– То, что мне хочется тебе сказать, – говорил Горич, расхаживая большими шагами по мягкому ковру, – я, конечно, мог бы и не говорить, ну да сегодня я вообще расстегнул жилет своей откровенности [47] , как говорил наш французский учитель. Я очень хорошо вижу и давно знаю, что ты влюблен в Соню… Все равно, будем сегодня называть ее Соней. Ты в чувствах упрям, ты, вероятно, надеешься жениться на ней. Так вот, как товарищ, как друг, говорю тебе: брось ты это дело!
– Как бросить? – воскликнул ошеломленный Угаров. – Если ты это хотел мне сказать, лучше было бы не приходить сюда.
– Да, ты прав, пойдем пить жженку.
– Нет, погоди, погоди, – просил Угаров, усаживая Горича в кресло. – Поговорим спокойно. Отчего я должен все бросить? Ты этим хотел сказать, что Соня не может полюбить меня, сделаться моей женой?
– Нет, сделаться твоей женой она может, а полюбить тебя действительно не может.
– Значит, она любит кого-нибудь другого. Может быть, тебя?
– Ах, Володя, Володя, какой ты подозрительный и ревнивый! Поверь, что мое положение гораздо хуже. К тебе она равнодушна, а меня ненавидит…
– Ненавидит… за что же?
– А за то, что я отчасти понял и раскусил ее. А между тем, Соня – единственное существо в мире, перед которым я бессилен. Она одна могла бы заставить меня своротить с той дороги, которую я наметил себе для жизни.

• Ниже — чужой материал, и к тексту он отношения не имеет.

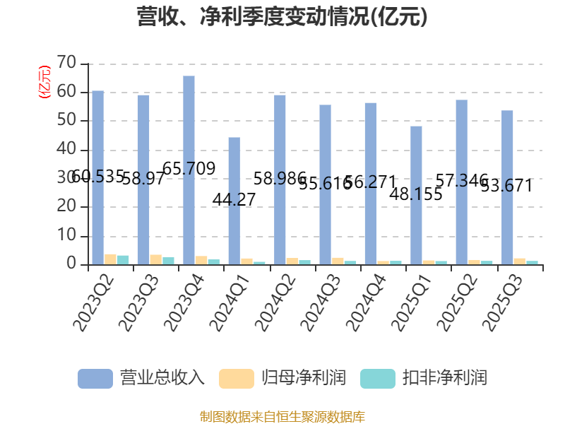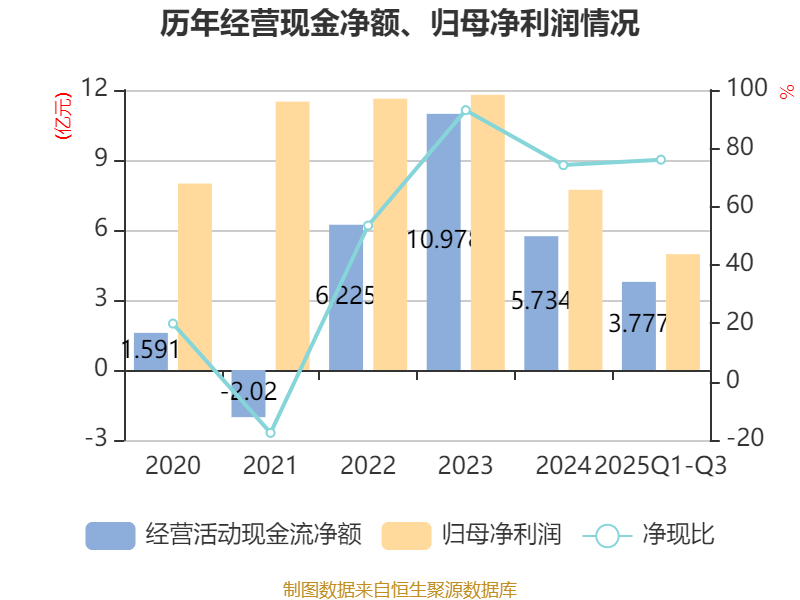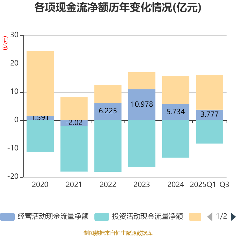2025年前三季度,公司经营活动现金流净额为3.78亿元,同比增长15.44%;筹资活动现金流净额12.31亿元,同比减少5.49亿元;投资活动现金流净额-8.19亿元,上年同期为-10.46亿元。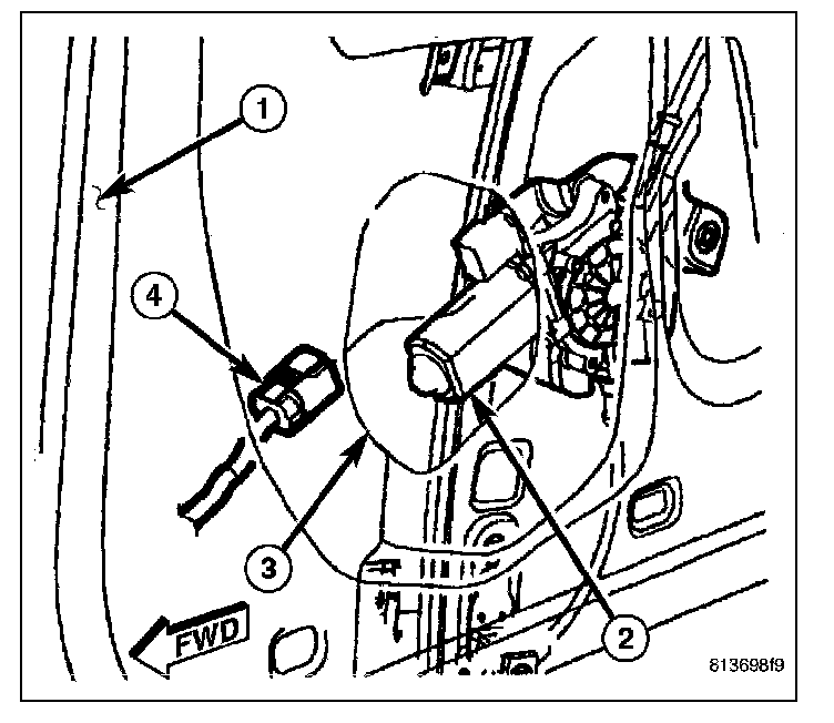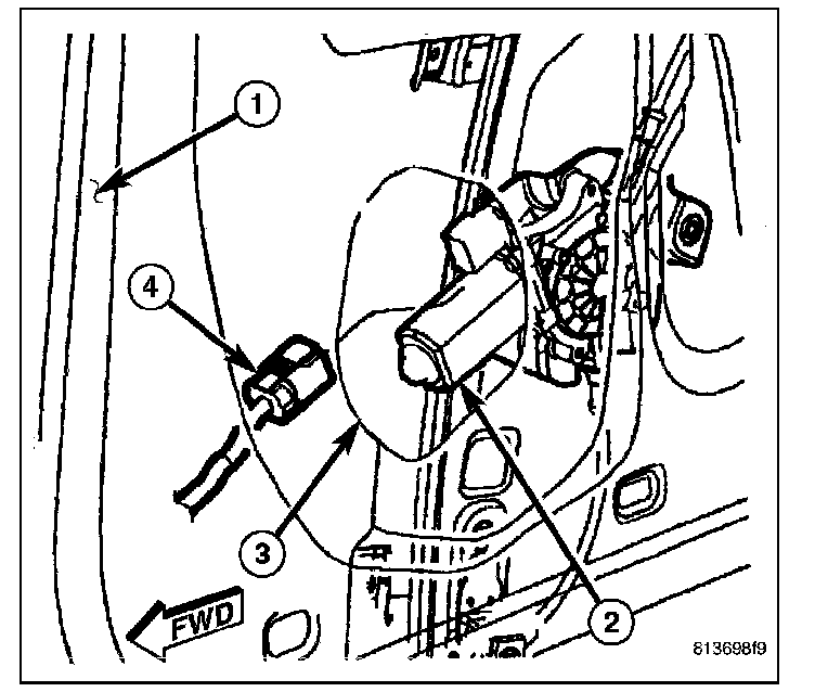 13. Lower the front regulator rail within the door (1) far enough to access and disconnect the door wire harness connector (4) from the regulator motor (2) through the speaker mounting hole (3) on the inside of the door near the front.

– А, значит, ты ее любишь? Я всегда был уверен в этом… А я… Боже мой, как я ее люблю!
И Угаров начал говорить шепотом, потому что Козликов выказал кое-какие признаки жизни. Впрочем, через минуту он опять обратился в труп.
– Ну, прости меня, Володя, если я огорчил тебя, – сказал в заключение Горич. – Может быть, я ошибаюсь, но мне кажется, что от столкновения таких характеров, как ты и Соня, не может выйти для тебя ничего хорошего. А, впрочем, об этом еще успеем наговориться, а теперь лучше пойдем и выпьем.
Когда Угаров и Горич вернулись в залу, она была опять освещена, и жженка, сваренная Константиновым, гуляла по рукам и головам. Все языки развязались, все старые симпатии выплывали наружу, все старые ссоры прощались от души. Пир был в разгаре – пир молодости, которую мудрая жизнь еще не успела научить ни расчетам, ни притворству, ни злобе. Увидев Горича, Константинов бросился ему на шею и повел его «мириться». За этим примирением было выпито множество стаканов, и возобновился спор о карьере, но уже в шутливо-добродушном тоне.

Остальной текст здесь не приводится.